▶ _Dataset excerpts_
------------------------

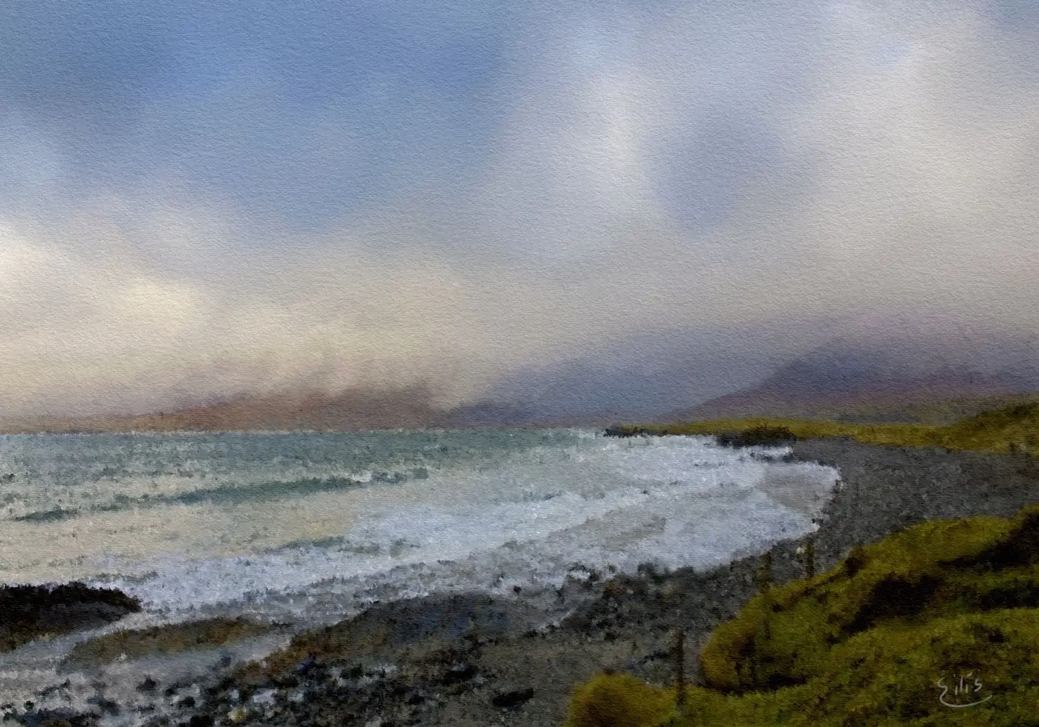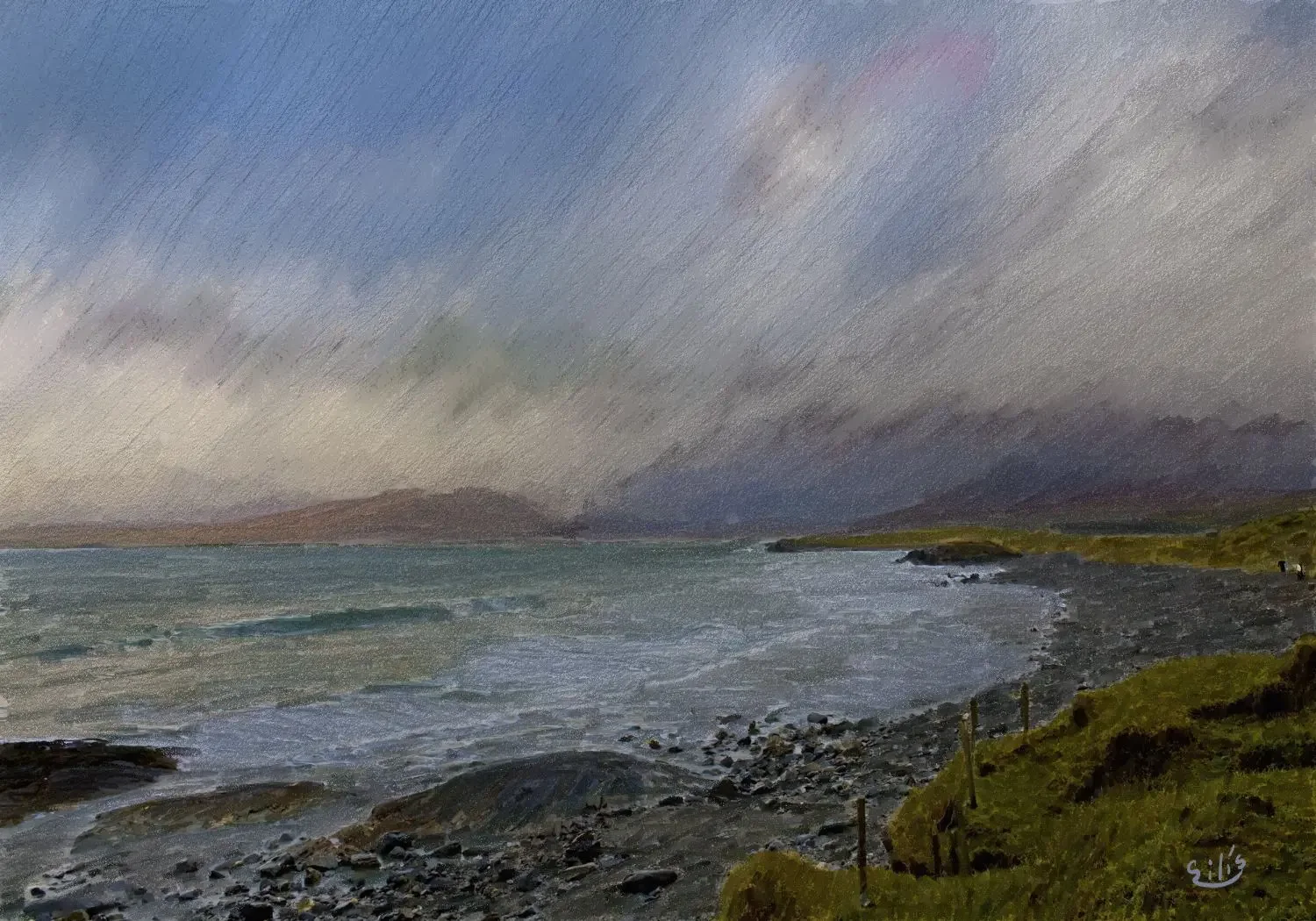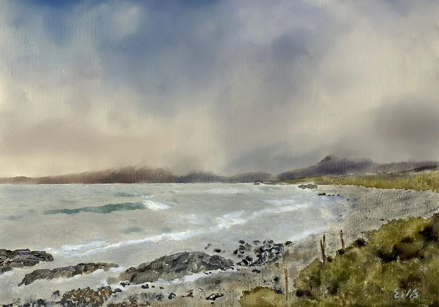 The same image of White Strand has been the inspirational source of these three works, realised with different techniques: watercolour, pastel and oil. Different media but one outcome: the unique sensation of serene loneliness of an unspoilt place, quite primaeval in its placid serendipity.
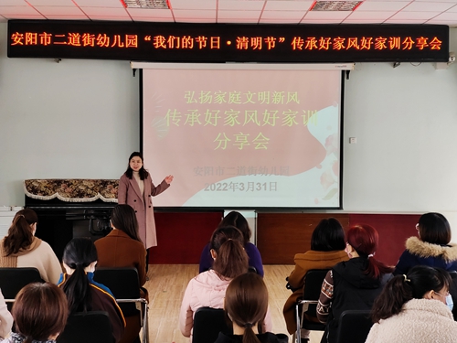 安阳市二道街幼儿园开展清明节传承好家风好家训分享会活动时间:2022-03-31 为大力弘扬中华优秀传统文化,培育和践行社会主义核心价值观,进一步开展好园所的精神文明建设工作,3月31日,安阳市二道街幼儿园开展了“我们的节日·清明节”传承好家风好家训分享会活动。 教师代表上台介绍了自己的家风故事,有和父母一起做家务的,从小培养孩子的劳动意识。有陪伴孩子阅读的,营造书香家庭。有祖孙三代互相捶背的场景,其乐融融。教师们互相学习、观摩,用实际行动践行社会主义核心价值观。 老师们看完后深受感动,对家风传承有了更深的理解。和为贵,孝为先,勤为宝,俭为德,知足常乐,待人以善,这些优良的家风就伴随在大家身边。教师表示,要更加注重言传身教,用自己的言行去影响更多的人,让优良的家风得到传承和发扬。 |
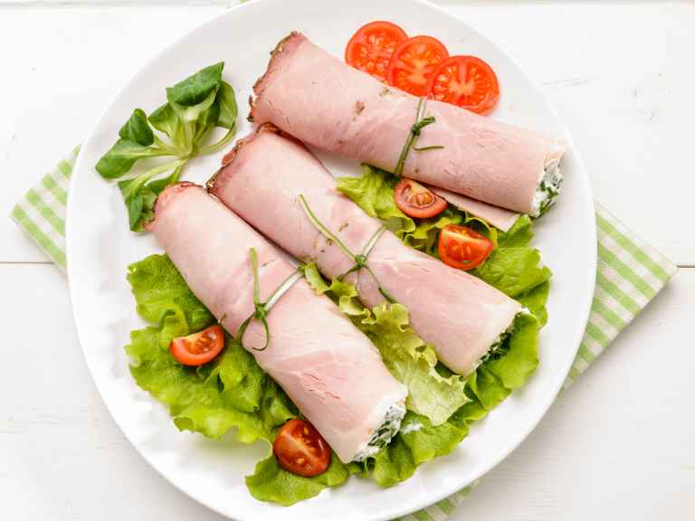 4. Pro Person drei Schinkenröllchen auf Tellern anrichten, mit Salatblättern und Cocktailtomaten garnieren.
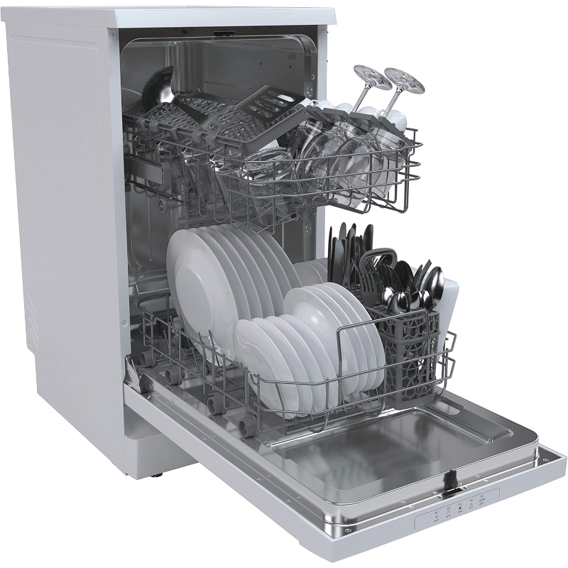 El lavavajillas Candy CDPH 2L1049W cuenta con una capacidad para 10 servicios. Tiene una clasificación energética de tipo F. Este modelo presenta un sistema de montaje independiente. Dispone de 6 programas de lavado, incluida una opción de media carga. Su consumo de agua en el ciclo estándar es de 9 litros. Incorpora un panel de control con indicadores LED. La temperatura ajustable de lavado oscila entre 45 y 70 grados Celsius. Su ciclo de secado utiliza ventilación forzada. La duración del programa más corto es de 29 minutos. El aparato tiene conexión de agua fría y caliente. Las dimensiones son estándar para un lavavajillas de mesa. Este producto no incluye instalación.
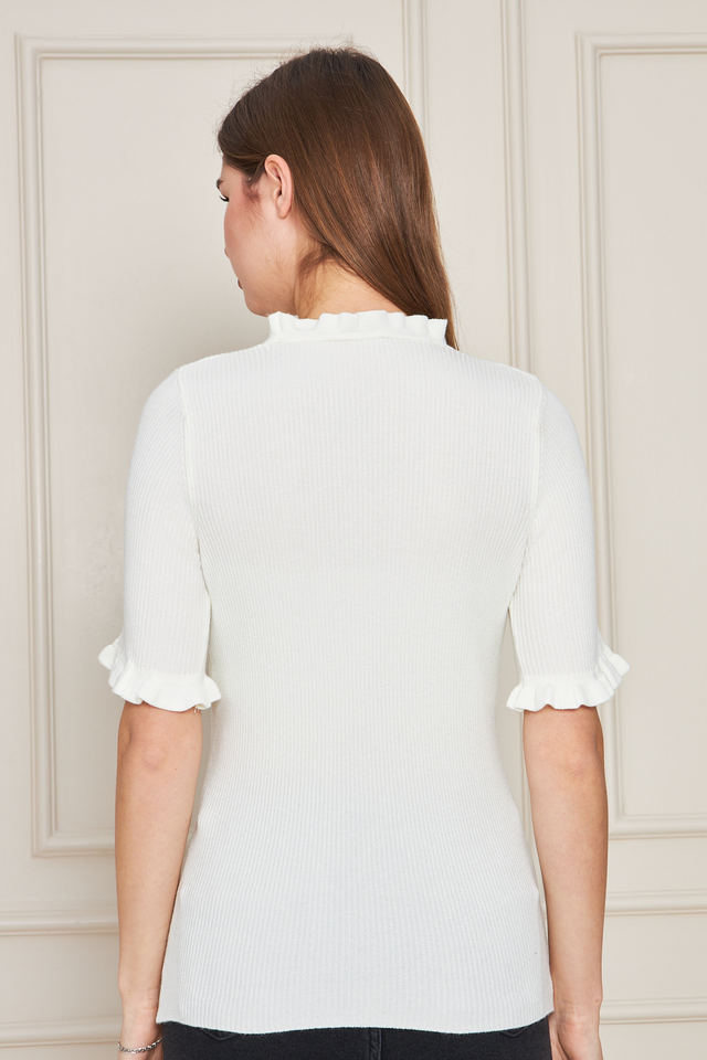 เสื้อถักแขนสั้นมีระบายสำหรับผู้หญิงเสื้อยืดเสื้อถักระบายมีสไตล์ระบายอากาศได้สวมใส่สบาย
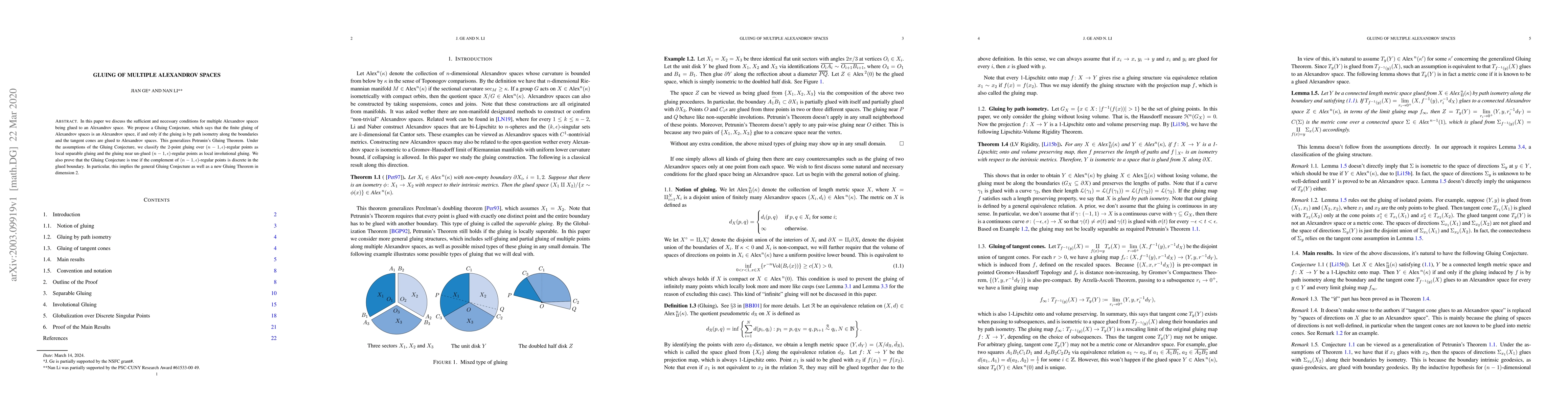 In this paper we discuss the sufficient and necessary conditions for multiple Alexandrov spaces being glued to an Alexandrov space. We propose a Gluing Conjecture, which says that the finite gluing of Alexandrov spaces is an Alexandrov space, if and only if the gluing is by path isometry along the boundaries and the tangent cones are glued to Alexandrov spaces. This generalizes Petrunin's Gluing Theorem. Under the assumptions of the Gluing Conjecture, we classify the $2$-point gluing over $(n-1,\epsilon)$-regular points as local separable gluing and the gluing near un-glued $(n-1,\epsilon)$-regular points as local involutional gluing. We also prove that the Gluing Conjecture is true if the complement of $(n-1,\epsilon)$-regular points is discrete in the glued boundary. In particular, this implies the general Gluing Conjecture as well as a new Gluing Theorem in dimension 2.
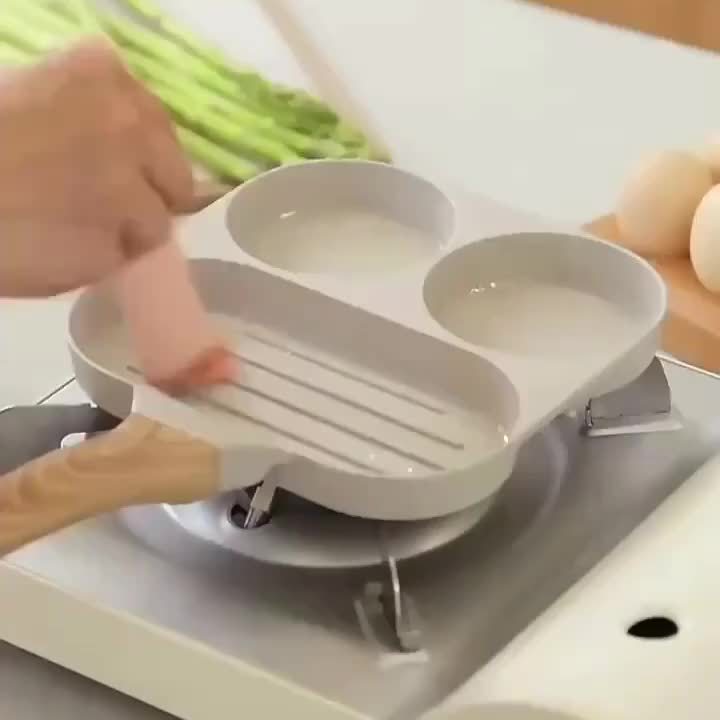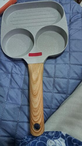 1pc Household Maifanshi 4-Compartment Non-Stick Aluminum Frying Pan with Wooden Handle - Multi-Use Breakfast Eggs, Hamburgers, Steaks & Shrimp Cookware, Even Heat Distribution, Easy Clean, Multicompartment Cooker | Ergonomic Kitchenware | Easyclean Surface photo review
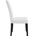 Wrap up moments of quality seating with the Parcel dining chair. Finely upholstered in faux leather with a nail-head trim, dense foam padding, and solid legs, Parcel delivers a concise offering that enhances the dining experience in a subtle and unassuming way. Assembly Required.
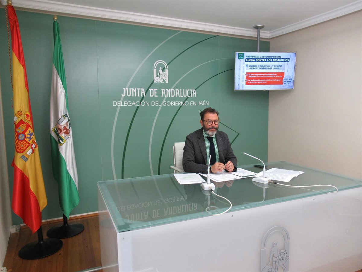Así lo ha señalado este jueves el delegado territorial de Fomento y Vivienda, Rafael Valdivielso, quien ha presentado el citado proyecto de ley aprobado recientemente por el Gobierno andaluz y que viene a reforzar las medidas para luchar contra los desahucios, ampliar la protección de las familias frente a las ejecuciones hipotecarias y las daciones en pago en la comunidad autónoma.
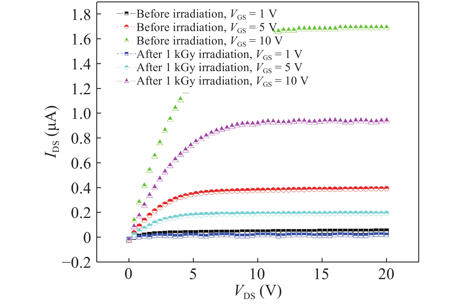 Fig. 5.  (Color online) Effect of irradiation on sample before and after irradiation of 1 kGy at VGS = 1, 5, 10 V.
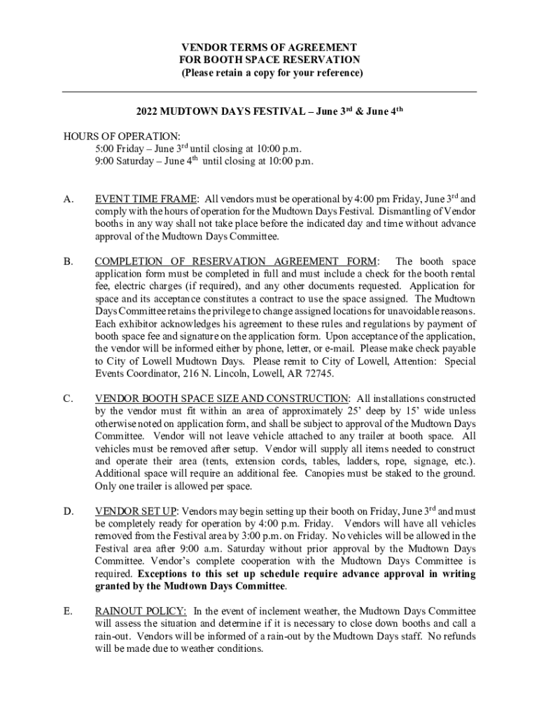 VENDOR TERMS OF AGREEMENT FOR BOOTH SPACE RESERVATION (Please retain a copy for your reference) 2022 MIDTOWN DAYS FESTIVAL June 3rd & June 4th HOURS OF OPERATION: 5:00 Friday, June 3rd until closing

------------------------

▶ _Task brief_
Please give back an exact copy of the entries above from their first line through the line containing "4. Pro Person", leaving the pictures aside.

▶ _Answer to this exercise_
 The same image of White Strand has been the inspirational source of these three works, realised with different techniques: watercolour, pastel and oil. Different media but one outcome: the unique sensation of serene loneliness of an unspoilt place, quite primaeval in its placid serendipity.
 安阳市二道街幼儿园开展清明节传承好家风好家训分享会活动时间:2022-03-31 为大力弘扬中华优秀传统文化,培育和践行社会主义核心价值观,进一步开展好园所的精神文明建设工作,3月31日,安阳市二道街幼儿园开展了“我们的节日·清明节”传承好家风好家训分享会活动。 教师代表上台介绍了自己的家风故事,有和父母一起做家务的,从小培养孩子的劳动意识。有陪伴孩子阅读的,营造书香家庭。有祖孙三代互相捶背的场景,其乐融融。教师们互相学习、观摩,用实际行动践行社会主义核心价值观。 老师们看完后深受感动,对家风传承有了更深的理解。和为贵,孝为先,勤为宝,俭为德,知足常乐,待人以善,这些优良的家风就伴随在大家身边。教师表示,要更加注重言传身教,用自己的言行去影响更多的人,让优良的家风得到传承和发扬。 |
 4. Pro Person drei Schinkenröllchen auf Tellern anrichten, mit Salatblättern und Cocktailtomaten garnieren.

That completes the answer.